As author Richard J. Whalen recounted in his definitive biography of
"The Founding Father: The Story of Joseph P. Kennedy," "Before the
Vienna summit, (Kennedy's only face-to-face meeting with Khrushchev),
Kennedy told an aide: 'I have to show him I can be just as tough as he
is.' He failed.
"According to his aide, Fyodor Burlatsky, Khrushchev thought Kennedy
'had more the look of an adviser, not a political decision-maker or a
president.'"
Khrushchev, "determined to intimidate an adversary whose nerve he
doubted, upped the stakes." He gave the East Germans the go-ahead to
build the Berlin Wall, then -- after Kennedy did nothing -- he upped
the ante again by introducing strategic nuclear missiles 90 miles from
our shores, believing Kennedy would back down -- something he never
would have dared to do with Dwight Eisenhower, who built the nuclear
arsenal that kept the Soviets at bay. Ike didn't need testing.
In the end, of course, Kennedy didn't back down, but he brought the
United States to the brink of nuclear war -- all because he was seen as
someone who could be pushed around and who didn't lay down clear
foreign-policy markers until the missiles had been installed.
Kennedy, wrote historian Michael Beschloss, "had not warned against them until it was too late."
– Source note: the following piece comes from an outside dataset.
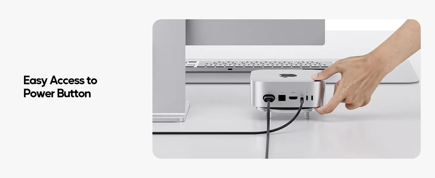【Effortless Power Button Access】Mac Mini M4 Pro Stand Features a strategically placed cutout for quick, easy access to the Mac Mini M4 power button. No more fumbling around—turn your device on/off or restart it in seconds.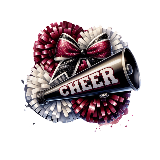A colorful cheerleading design featuring a megaphone with "CHEER" and vibrant pom-poms adorned with a sparkly bow.DTF Transfers dtf transfers

This is the kind of crisis scenario that Biden seemed to be referring
to when he told the Democratic fundraiser that Barack Obama would be
tested just as Kennedy was tested. It was a chilling comparison fraught
with high-risk implications for an Obama presidency.
National-security and foreign-policy issues have taken a back seat in
this election as the economy's crisis unfolds, and that has worked in
Obama's favor and against John McCain.
But we've seen disturbing examples of Obama's abysmal judgment on
foreign-policy issues both before and throughout this campaign.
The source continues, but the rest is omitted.